Familial adenomatous polyposis (FAP) is an inherited condition characterized by thousands of polyps in the colon. FAP occurs with a frequency of about 1:10,000 to 1:18,000 live births in Northern Europe and other similar Caucasian populations.^1-3 It accounts for less than 1% of all colorectal cancers. Males and females are affected equally.

Genetics

FAP is an autosomal dominant colorectal cancer syndrome caused by a germline mutation in the APC gene, located on chromosome 5q21-22. The APC gene is a tumor suppressor gene that functions by suppressing the formation of adenomas in the colon and tumors elsewhere in the body. Approximately 10% to 25% of germline APC mutations are new in individuals without a family history of FAP.^3-5 There is nearly 100% penetrance of the colonic manifestations of FAP but variable penetrance of the extracolonic manifestations of the disease.⁶

Patients with FAP who inherit a single APC mutation acquire a somatic mutation (or “second hit”) in the second allele of the APC gene.

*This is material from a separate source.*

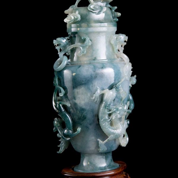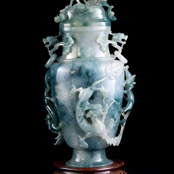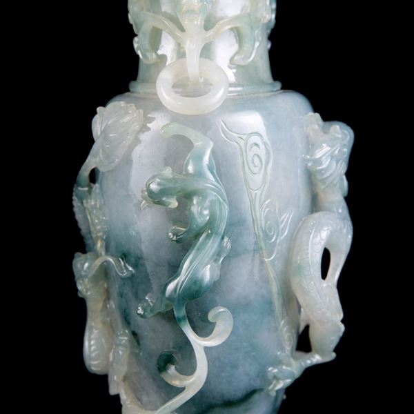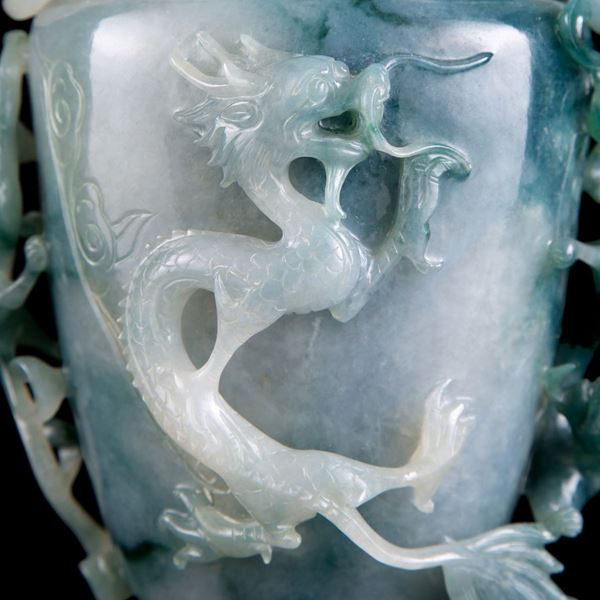 È scolpito con la forma di un vaso e coperchio su cui si arrampica un dragone.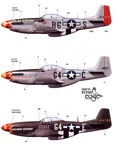 - “Old Crow” P-51D-10-NA 44-14450 B6 S flown by Colonel C.E. “Bud” Anderson. The accompanying notes list the machine as being in overall natural metal finish and it wears the group’s red and yellow striped spinner and chequerboard markings as well as a red rudder indicating that it was an aircraft belonging to 363rd Fighter Squadron.

A cell with this functional loss of the APC gene has no functional APC protein. This leads to defects in the Wnt signaling pathway, abnormal intracellular accumulation of beta-catenin, unregulated cell growth and division, and formation of adenomas.^7,8 Over 1000 different mutations in the APC gene associated with FAP have been described, and the location of the mutation may influence the phenotypic expression. In other words, there is variable phenotypic expression depending on the location of the mutation in the gene.⁹

For example, patients with mutations near codon 1300 generally develop particularly severe disease with over 1000 polyps and earlier cancer onset.^9,10 Attenuated FAP (<100 colorectal adenomas) is associated with mutations before codon 157 and after codon 1595.¹⁰ Congenital hypertrophy of the retinal pigment epithelium (CHRPE) is associated with mutations between codons 311 and 1444. Mutations after codon 1444 have been linked to the development of desmoid tumors.^10,11

Clinical Manifestations

In addition to the numerous colorectal adenomas that characterize FAP, there are a variety of extracolonic manifestations with variable phenotypic expression. Initially, most patients with FAP are asymptomatic. Patients who develop cancer may present with rectal bleeding, abdominal pain, and loose stools. Patients with desmoids can have abdominal pain or bowel obstruction. Finally, patients can develop symptoms from duodenal adenomas and various skin lesions as well.

COLONIC

Classic FAP is characterized by >100 colorectal adenomatous polyps prior to age 40. Nearly 100% of people with FAP will develop colorectal cancer because of the sheer number of adenomas that develop at an early age. One or more of these polyps usually progresses to form a cancer. Polyps usually start appearing in the late teens to early twenties, and progress to cancer by age 40.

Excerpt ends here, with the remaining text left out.